Since Monroe's team couldn't have seen the atom in two places at once how did they know they'd pulled off such a feat? They nudged the two states apart and then back together in such a way that the two halves of the atom's quantum state ended up combined slightly differently than if the atom had remained undisturbed. It was this tiny difference, a measure of the separate journeys the "up" and "down" halves had taken, that could be observed.


To be absolutely pedantic about it, you can't say that the team actually detected the Schroedinger cat-state of the beryllium atom. It's more a matter of inferring its presence from observations that turned out as quantum theory predicted. You may think this is a bit of cheat. But remember you are trying to demonstrate the existence of something that by definition can't ever truly be seen.


Other striking demonstrations of fundamental quantum phenomena have stemmed from recent technical wizardry - the ability to manipulate individual atoms or groups of atoms and keep them trapped with lasers or magnets. In 1995, another group of physicist created what's known as a Bose-Einstein condensate. They cooled a collection of a few thousand rubidium atoms to within a whisker of absolute zero, just 200 billionths of a degree above it in fact, and all the atoms fell into lock step - a single quantum state encompassed them all.

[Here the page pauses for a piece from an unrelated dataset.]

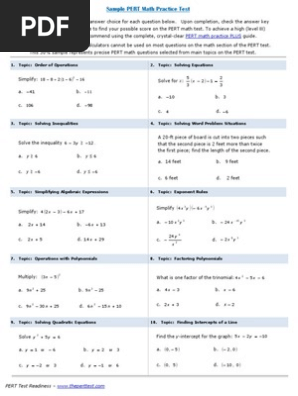 Printable pert math practice test. These practice question are designed to be similar to those found on the math section of floridas postsecondary education readiness test. Pert computerized placement test review booklet for mathematics valencia college orlando florida prepared by valencia college math department. Topics covered include equations exponents percents prime numbers polynomials order of operations and algebraic expressions. More specifically you will be expected to compose some sort of life goal.

The essence of this achievement is simple. Normally, when atoms are jiggling around, bumping into each other, exchanging energy back and forth, they occupy different and ever-changing quantum states. But there is one state out of all the possible quantum states which has absolutely the least amount of energy, and if you could somehow extract enough energy from a group of atoms, they would all fall into this "ground state". Einstein and the Indian physicist S. N. Bose foresaw this possibility as far back as the 1920s.


There's one little corollary - only bosons particles with whole- number quantities of spin - can fall into a Bose-Einstein condensate. Particles with half-number spins (12, 32, 52,...) are called fermions, and obey something called the Pauli exclusion principle, which says that no two fermions can simultaneously occupy the same quantum state. A collection of fermions must always fill up different quantum states, beginning with lowest-energy state and working upwards.

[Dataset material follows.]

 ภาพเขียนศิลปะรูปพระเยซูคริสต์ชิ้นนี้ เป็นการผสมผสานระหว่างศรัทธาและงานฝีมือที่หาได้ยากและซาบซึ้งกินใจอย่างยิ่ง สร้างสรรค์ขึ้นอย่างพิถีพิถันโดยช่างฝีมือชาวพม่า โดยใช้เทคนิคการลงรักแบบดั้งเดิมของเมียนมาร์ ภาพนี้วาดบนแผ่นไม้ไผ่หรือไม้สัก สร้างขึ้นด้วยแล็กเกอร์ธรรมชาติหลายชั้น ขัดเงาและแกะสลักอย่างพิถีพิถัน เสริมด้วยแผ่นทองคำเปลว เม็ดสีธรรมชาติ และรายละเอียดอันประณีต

That, incidentally, is why white dwarfs exists. A white dwarf is the dying ember of a star like our own Sun that has finally spent its nuclear fuel. It is tiny, not much bigger than the Earth, but extremely dense, because gravity has squeezed its atoms so close together that all their electrons move freely throughout the whole core of the star. Because electrons are fermions, Pauli's exclusion principle prevents gravity from compressing the star any further. The white dwarf shrinks only to the point where the electrons fill up the available quantum states as compactly as possible. Only if the star is so massive and its gravity so strong that electrons and protons merge into neutrons can the star shrink any further. Even a neutron star has its limits, because neutrons are also fermions, and the size of a neutron star, like that of a white dwarf, is determined by a contest between quantum theory and gravity.

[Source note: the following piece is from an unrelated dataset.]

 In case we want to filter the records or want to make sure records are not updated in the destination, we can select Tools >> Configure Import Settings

Rubidium atoms are bosons, however, and the 1995 experiment did persuade a collection of these atoms to discard their individuality and behave as one. All these experiments - from the Bose-Einstein condensate, and the Schroedinger-cat beryllium ion, to entangled EPR particles and the double-slit experiment - illustrate in different ways how a single quantum state can reign supreme over an extended region of space. They are just examples of non-locality, the pre-eminently non-classical feature of quantum mechanics. Non-locality may never be as directly observable as a dyed-in-the-wool classical physicist would like, but its consequences are inescapable. Experiments in the past few years prove beyond a shadow of a doubt that quantum mechanics really is as strange as it is different.